Lab: Tokenization and Pre-processing#

In today’s lab lecture, we will explore the concepts of text tokenization and pre-processing in the field of Natural Language Processing (NLP). We will delve into the process and importance of these concepts, as well as practical examples in different languages.

The lecture is divided into three main sections:

  1. Understanding Tokenization

  2. Different Types of Tokenization with Examples

  3. Pre-processing Steps in NLP

  4. Tokenization in Different Languages with Examples

Part 1: Understanding Tokenization#

Tokenization is a crucial initial step in NLP, where text data is divided into smaller pieces, or “tokens”. These tokens typically represent words, but can also be sentences, phrases, or even individual characters.

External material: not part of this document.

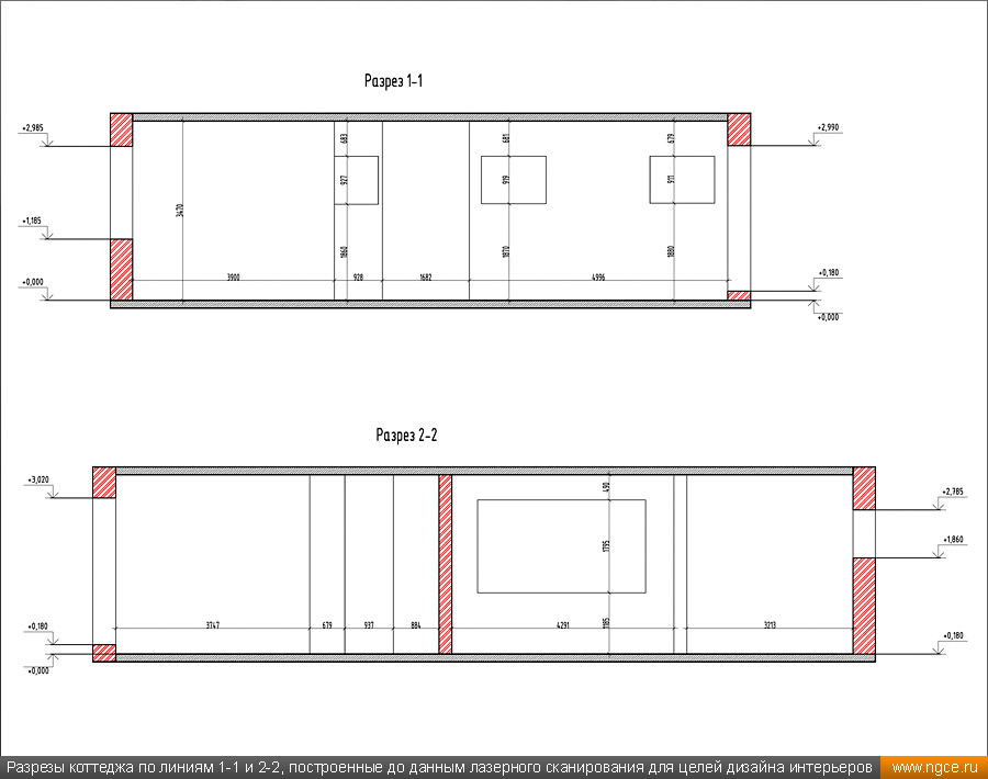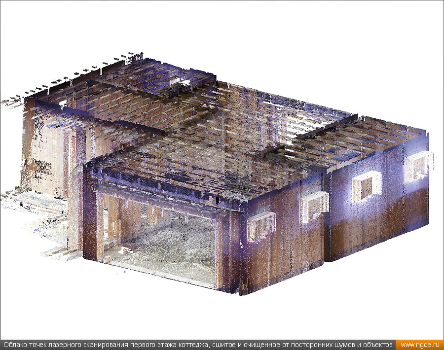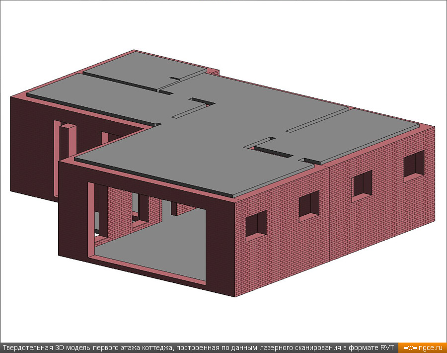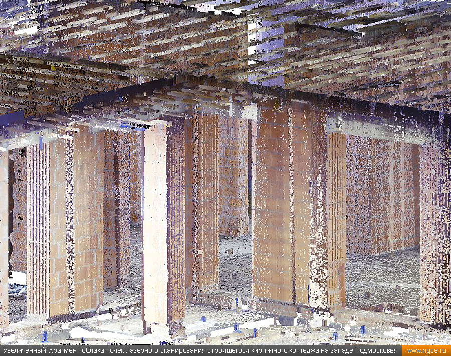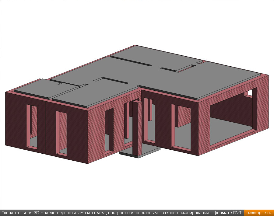 Инженерная компания «НГКИ» выполнила проект по обмерам небольшого строящегося частного коттеджа на западе Московской области и созданию его точной обмерной 3D модели в программной среде Revit (формат RVT) для целей проектирования дизайна интерьеров, а также внешней и внутренней отделки. Обмеры коттеджа методом лазерного сканирования для 3D моделирования в RevitТренд на использование готовых 3D моделей стал определяющим уже несколько лет назад, и в настоящее время всё большее число дизайнеров и архитекторов при разработке своих проектов успешно работает именно с трёхмерными обмерными моделями объектов в формате Revit (RVT). Архитектор, ведущий проект отделки и дизайна интерьеров коттеджа, обратился к нам с просьбой провести лазерное сканирование строящегося коттеджа и затем построить точную обмерную 3D модель данного здания в формате Revit с уровнем детализации LOD 200, а также подготовить несколько обмерных чертежей. Подмосковный коттедж, 3D обмеры которого мы провели, строился из кирпича и на момент осуществления 3D съёмки находился в состоянии Shell & Core без коммуникаций. Точные обмерные работы были произведены специалистами нашей компании методом лазерного сканирования при помощи 3D системы Leica RTC360. Трёхмерный лазерный сканер Leica RTC360 — высокоточный прибор, дающий возможность в автоматическом режиме проводить до 2 миллионов измерений в секунду, при этом точность каждого единичного измерения для определения пространственных координат составляет 1 мм. Важной особенностью этого 3D сканера является автоматическое выравнивание точно по горизонту на аппаратном уровне. Сам лазерный сканер может быть наклонён физически, а результаты измерений всё равно получаются точно выравненными по горизонту. Эта функция очень сильно экономит время при перестановке 3D сканера. Места стоянок лазерного сканера рассчитывались таким образом, чтобы обеспечить максимальное покрытие каждого сканируемого объекта. Также лазерное сканирование осуществлялось с взаимным перекрытием сканов, необходимым и достаточным для последующей сшивки по общим контурам. Ниже вы можете ознакомиться с примерами скриншотов облаков точек 3D лазерного сканирования, полученных нами в результате всех выполненных обмерных работ: Обработка данных лазерного сканирования и 3D моделирование коттеджа для целей подготовки дизайн-проектаЛазерное сканирование всех помещений коттеджа и фасадов заняло всего несколько часов, далее наши специалисты вернулись в московский офис и приступили к выполнению камеральной стадии работ по данному проекту. На камеральном этапе работ сначала была осуществлена сшивка облаков точек лазерного сканирования и их очистка от всех посторонних шумов и лишних объектов. В результате нашими инженерами была получена точечная 3D модель объекта. Далее наши инженеры приступили к созданию твердотельной обмерной 3D модели коттеджа и к подготовке обмерных чертежей, которые также требовались дизайнерам интерьеров. Суммарно камеральная стадия работ по данному проекту продолжалась два дня, и в её результате по обработанным полевым данным нами была построена очень точная и подробная твердотельная обмерная 3D модель строящегося коттеджа в программной среде Revit (формат RVT) с уровнем детализации LOD 200, а также подготовлены обмерные чертежи в AutoCAD (формат DWG). Получив ст

Why is tokenization essential?

Without tokenization, computers would find it hard to comprehend text data as they process information in a structured manner. Tokenization allows us to convert unstructured text into a format more suitable for machine processing.

Part 2: Different Types of Tokenization with Examples#

Depending on the specific requirements of an NLP task, tokenization can occur at different levels:

Word Tokenization#

Word tokenization involves breaking the text into individual words. Let’s look at an example using Python’s NLTK library:

import nltk

nltk.download("punkt")

text = "Welcome to the world of Natural Language Processing!"
tokens = nltk.word_tokenize(text)
print(tokens)
['Welcome', 'to', 'the', 'world', 'of', 'Natural', 'Language', 'Processing', '!']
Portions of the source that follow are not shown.